There are three main approaches depending on your needs:

Quick Start: Let llama.cpp download and run the model automatically
Offline-First: Pre-download models for unstable networks or air-gapped environments
Production API: Set up an OpenAI-compatible server for application integration

Let me walk through each one.

Approach 1: Quick Start (Recommended)

This approach downloads the model on first run. It’s the fastest way to get started.

Step 1: Compile llama.cpp with CUDA Support

First, clone and build llama.cpp:

git clone https://github.com/ggml-org/llama.cpp
cd llama.cpp

Now compile with CUDA support for GPU acceleration:

cmake . -B build -DBUILD_SHARED_LIBS=OFF -DGGML_CUDA=ON
cmake --build build --config Release -j

When I run this on my RTX 4090, the compilation takes about 2 minutes.
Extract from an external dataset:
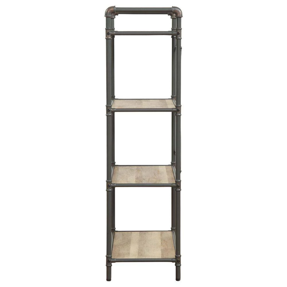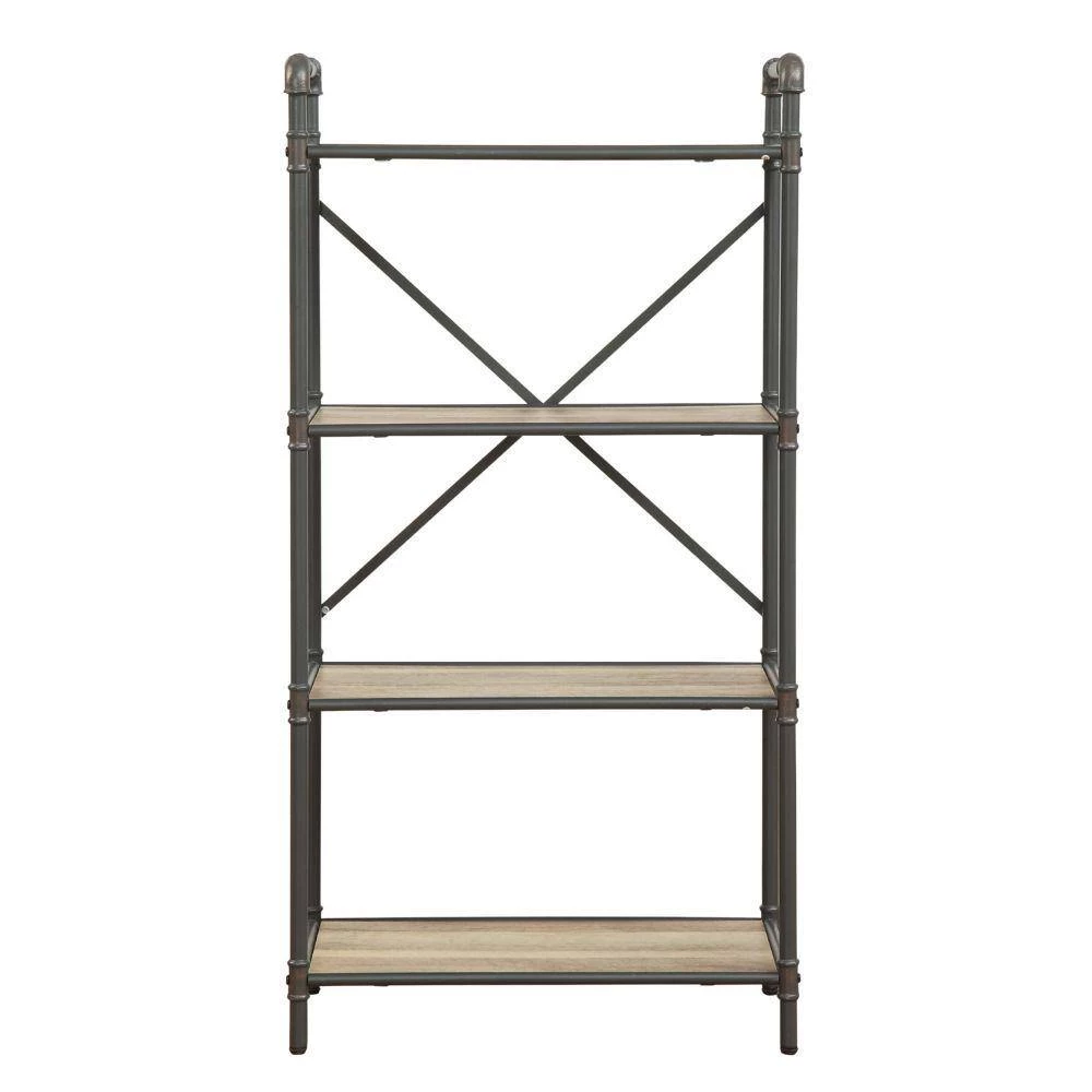 Create and mini library or collection at your home with the inclusion of this amazing bookshelf. It features a tubular piped metal frame in a gray finish, incorporating 3 wooden shelves for storage and an X shaped support at the back. It is supported by tubular legs, providing stability and durability.

The resulting binary is in build/bin/.

Step 2: Run Qwen3.5 Directly

The simplest command downloads and runs the model in one step:

./build/bin/llama-cli \
  -hf unsloth/Qwen3.5-35B-A3B-GGUF:MXFP4_MOE \
  --ctx-size 16384 \
  --temp 0.6

What happens when you run this:

llama.cpp connects to HuggingFace
Downloads the MXFP4_MOE quantization (about 22GB)
Caches it locally for future runs
Starts the interactive chat session

The -hf flag tells llama.cpp to download from HuggingFace. The MXFP4_MOE quantization is optimized for MoE models and provides the best quality-to-size ratio for Qwen3.5.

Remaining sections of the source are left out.